Release Date: February 21, 2025
Hosts: Luciano Mammino (“A”) & Eoin Shanaghy (“B”)
This episode introduces DuckDB, an emerging open-source, in-memory analytical database, and dives into why it’s generating so much enthusiasm in the cloud analytics space. The hosts detail how DuckDB’s simplicity, performance, and cloud-native capabilities make it a compelling choice for data analysis on AWS. They discuss use cases, practical integration tips, and even present a solution to the recently retired S3 Select service. Finally, they unveil a new open-source runtime for using DuckDB efficiently with AWS Lambda and Step Functions.
[00:00–02:46]
“It’s very simple to use and it has managed to stay very simple to use. … You can run it locally because it’s in memory, but you can also run it in the cloud basically anywhere.”
— Eoin, [01:24]
[02:46–04:58]
“You can even run it in lambda, which is probably the coolest use case if you ask me.”
— Luciano, [02:49]
“Because DuckDB can support more data than it can fit in memory, you often hear stories of people processing terabytes of data even in their laptops.”
— Luciano, [04:08]
[04:58–08:55]
duckdb command.“You could start with something like
SELECT * FROMand then just give the URI for your S3 object.”
— Eoin, [05:29]
[08:55–10:36]
“You can use DuckDB as a programmatic replacement for the AWS SDK usage of S3 Select. And…you’ll have a lot more features.”
— Eoin, [07:56]
[08:55–12:37]
“I think you can be able to replace some of the work that you might be doing with Pandas and Polars with just a query…”
— Luciano, [12:24]
[12:55–16:52]
“It is.
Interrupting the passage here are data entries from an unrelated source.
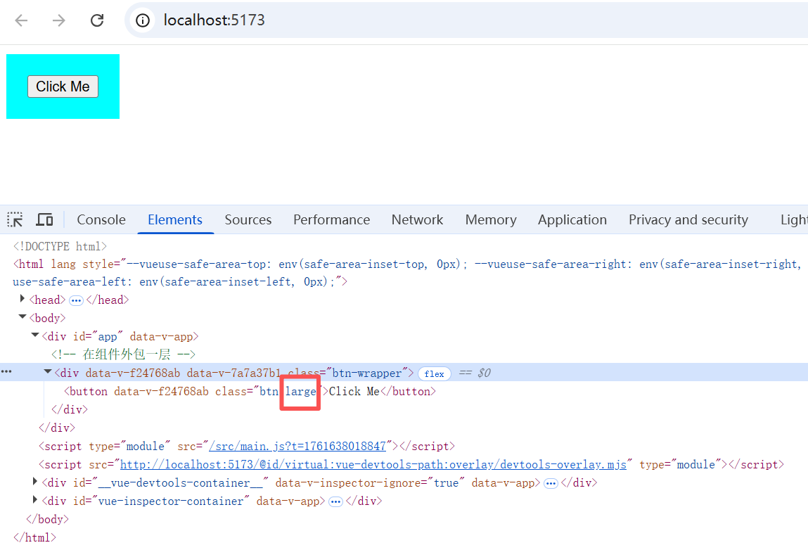 发现 <MyButton> 组件透传的 attribute 和 v-on 事件监听器 会继续传给 <BaseButton>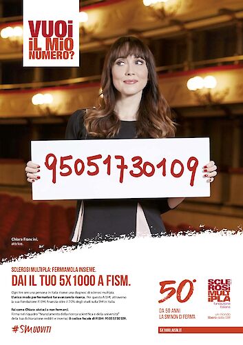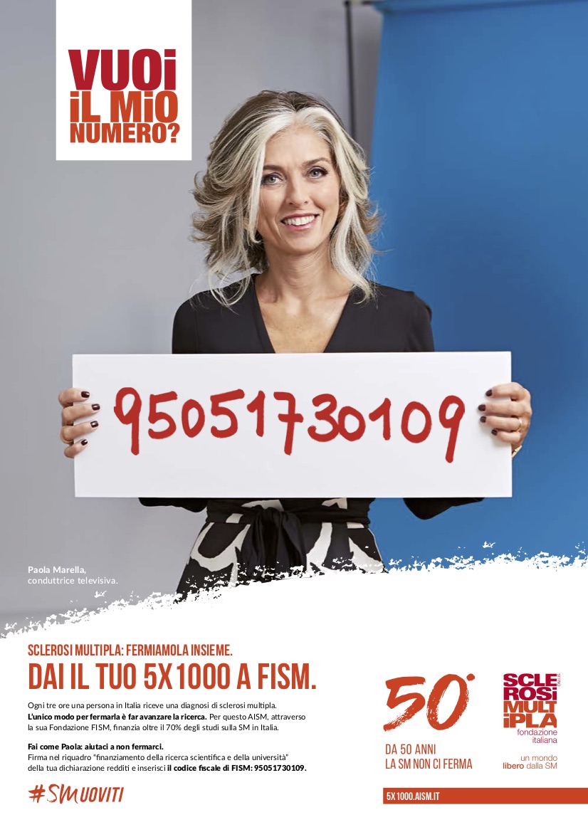 “Vuoi il mio numero?” è la campagna per il 5X1000 a FISM, nata nel 2012 per raccogliere fondi per finanziare la ricerca contro la sclerosi multipla. In questi anni numerosi personaggi famosi e non hanno prestato il loro volto per questa efficace campagna di comunicazione regalandoci un sorriso ed aiutandoci a diffondere la nostra causa.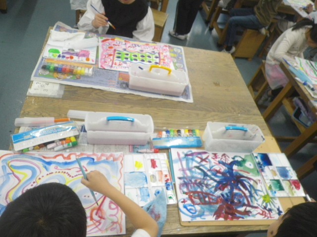 3年生の図工の時間に「せんとてんのぼうけん」という題材で、線と点だけを用いて自分が「いいな」と思う模様を描きました。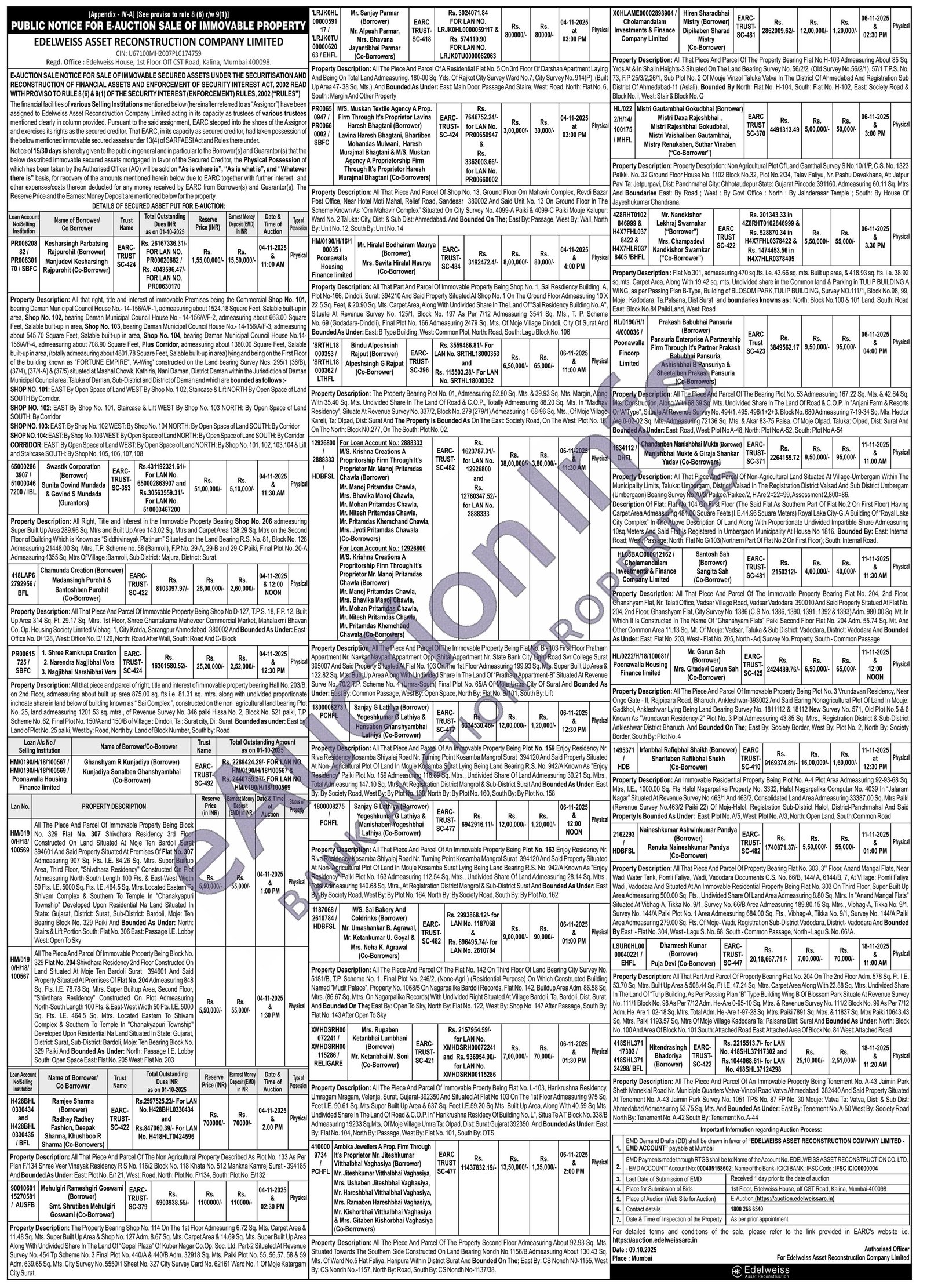 All Right, Title and Interest in the Immovable Property Bearing Shop No. 206 admeasuring Super Built Up Area 289.96 Sq. Mtrs and Built Up Area 143.02 Sq. Mtrs and Carpet Area 138.29 Sq. Mtrs on the Second Floor of Building Which is Known as "Siddhivinayak Platinum" Situated on the Land Bearing R.S. No. 81, Block No. 128 Admeasuring 21448.00 Sq. Mtrs, T.P. Scheme no. 58 (Bamroli), F.P.No. 29-A, 29-B and 29-C Paiki, Final Plot No. 20-A Admeasuring 4355 Sq. Mtrs Of Village: Bamroli, Sub District: Majura, District: Surat.

I think it’s worthy of a runtime because DuckDB is so powerful and you can do so much with it. …there really is kind of a Swiss Army knife type tool and it’s just limited by your imagination.”
— Eoin, [15:51]
On DuckDB’s Philosophy:
“They basically set up a separate foundation holding all of its IP, keeping it clear of all the commercial entities to ensure that the community doesn’t get any nasty license switching surprises in the future.”
— Eoin, [02:16]
On Convenience:
“You can run it pretty much in almost any reasonable hardware.”
— Luciano, [02:55]
On Lambda Integration:
“You don’t have to have a Python runtime or a Node JS runtime. …It’s just a single binary. And you can then use this as a response to an EventBridge event or integrate it into step functions.”
— Eoin, [13:27]
On DuckDB’s Power:
“We believe as a final conclusion that DuckDB is really good, really promising, probably will be seeing more and more of it and especially in the cloud, in Lambda, in aws.”
— Luciano, [16:52]
DuckDB is emerging as a versatile, high-performance analytical tool—ideal for AWS and beyond. Its simple deployment, strong feature set, and innovative cloud integrations (like the new Lambda runtime) position it as a strong successor to services like S3 Select, and a powerful alternative for a host of data analysis workloads. The episode is a must-listen (or now, a must-read) for AWS practitioners, data engineers, and anyone looking for modern, cost-effective analytics solutions.
Call to Action: Try the new DuckDB Lambda runtime, share your use cases, and check the show notes for the GitHub repo!
This summary skips non-content (ads, intros, outros) as requested and preserves the episode's technical depth and friendly, practical tone.